POST BY JULIA HALPERIN

Damien Hirst, Crown of Glory (2006), Butterflies and household gloss on canvas. Photo via: artwolf.com.
Editor’s note: AFC+ is a series in which interns respond to Internet culture and art world events.
While Lance Armstrong usually favors simple aesthetics—who can forget the monochromatic Livestrong bracelet craze—it seems that the seven-time Tour de France winner is seeking something a little more high-profile to decorate his bicycle this year. Cue art star Damien Hirst. The Times’ ArtsBeat Blog reports the artist has created a design that will appear on Armstrong’s bike during the last stage of this month’s race. Armstrong described himself over Twitter as “speechless” after seeing the butterfly design.

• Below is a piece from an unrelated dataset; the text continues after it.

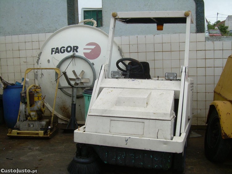 Vendo máquina de ócasião de aspirar e varrer com lugar sentado para o operador no estado em que se encontra. Iten : Auto-Aspiradora-Varredoura com lugar sentado para o operador Marca : TENNANT Model : POWER SWEEPER 235 ESPECIFICAÇÕES DA MÁQUINA Motor Marca : Yanmar Tipo de motor -- pistão Ignição --eléctrica a diesel Ciclo -- 4 Tempos Aspiração -- natural Cilindros -- 2 em linha Diâmetro interior -- 72 mm Curso -- 70 mm Cilindrada -- 575 cc Potência líquida -- 11 cv (8,2 kW) a 2200 rpm regulado Potência líquida -- 14 cv (10,4 kW) a 3200 rpm máximo Combustíveis -- Diesel Sistema de arrefecimento -- anticongelante Sistema elétrico -- 12 Volts nominal, alternador de 37 A SISTEMA DE TRANSMISSÃO Propulsão -- accionada por motor hidráulico Escova principal -- accionada por correia Escova lateral -- accionada por motor hidráulico Ventilador de vácuo -- accionado por correia Bomba hidráulica -- accionada por correia DIREÇÃO Tipo -- controlado pelas rodas traseiras, came automóvel e alavanca Fonte de energia -- manual SISTEMA HIDRÁULICO Função opera a propulsão, a elevação da tremonha, o accionamento das escovas laterais Válvula de controlo, elevação da tremonha, accionamento das escovas laterais centro aberto, tipo bobine simples Bomba, propulsão tipo de pistão de cilindrada variável, 0,85 pol³ (14 cc) máximo deslocamento por revolução, 9,1 gpm (35 L/min) a 2400 Pressão de alívio do sistema de propulsão 2000 psi (13.790 kPa) Bomba, acessórios tipo de engrenagem, 0,26 pol³ (4 cc) deslocamento, 1,1 gpm (4 Litros/minuto) a 1000 rpm Pressão de alívio do sistema de escovas laterais e cilindro de elevação - 1350 psi (9310 kPa) Motor, escovas laterais tipo de engrenagem interna, 2,8 pol³ (46 cc) por rotação, 2500 psi (17.240 kPa) pressão nominal máxima Cilindro, elevador de tremonha -- tipo de acção simples, diâmetro interior de 65 mm (2,5 pol.) x curso de 305 mm (12 pol.), haste de 30 mm (1,125 pol.), 3000 psi (20.685 kPa) pressão nominal máxima. Filtro -- tipo spin-on, nominal de 10 microns, pressão de bypass de 170 kPa (25 psi) SISTEMA DE SUSPENSÃO Dianteira -- pneus maciços 15 x 3,00 (2 pneus) Traseira -- pneu pneumático 4,80 x 8 (1 pneu) CAPACIDADES DE FLUÍDO DO SISTEMA Sistema hidráulico reservatório 14,8 Litros Sistema hidráulico total 16,7 Litros Óleo lubrificante do motor, com filtro 3 Litros Sistema de arrefecimento do motor 3 Litros Depósito de combustível 28 L DIMENSÕES GERAIS DA MÁQUINA Comprimento 1970 mm Largura com escova lateral 1220 mm Altura sem protecção superior 1345 mm Altura com protecção superior 2020 mm Passadeira dianteira 1115 mm Distância entre eixos 1040 mm (41 pol) Escova principal largura 91 cm (36 pol) (915 mm) Diâmetro exterior da escova principal -- 355 mm Diâmetro rotativo da escova lateral -- 480 mm Largura do percurso de varrimento (total) -- 1220 mm Capacidade da balde -- 0,28 m³ (10 pés cúbicos) 650 lb (295 kg) Filtro de pó -- 4,5 m² (49 pés quadrados), elemento filtrante de painel plissado PESOS DA MÁQUINA Peso líquido, seco -- 835 kg PBV (Peso Bruto Bruto) -- 1260 kg DESEMPENHO GERAL DA MÁQUINA Velocidade máxima de avanço -- 10 km/h Velocidade máxima de marcha-atrás -- 5 km/h Velocidade máxima de avanço com a caçamba ou tremonha elevada -- 3,2 km/h Raio de viragem -- esquerda, 1525 mm) à direita, 78 pol (1980 mm) Ângulo máximo de subida e descida nominal -- 10

While colorful, airborne creatures seem to be a wonderfully cheery symbol for the Tour de France veteran’s final stretch, we wonder if Armstrong is aware of Hirst’s checkered butterfly past. As a less well-known artist in 1991, Hirst filled a gallery with hundreds of tropical butterflies, allowing them to live out their natural life span as a metaphor for mortality. Butterflies have also placed Hirst on the receiving end of some nasty accusations, as when Chef Marco Pierre White accused Hirst of plagiarizing a 1999 painting Butterflies on Mars. (Not to mention when PETA called him a sadist in 2003 after he dismembered thousands of butterfly wings for a show at White Cube.) It is difficult to ignore the sinister associations surrounding Hirst’s previous butterflies—but we’d really like to, considering how much Armstrong’s story is about survival rather than encroaching and inevitable mortality. If you want to avoid them too, you can make a bid on the bike—it will be auctioned off for Armstrong’s charity, Livestrong, after the race.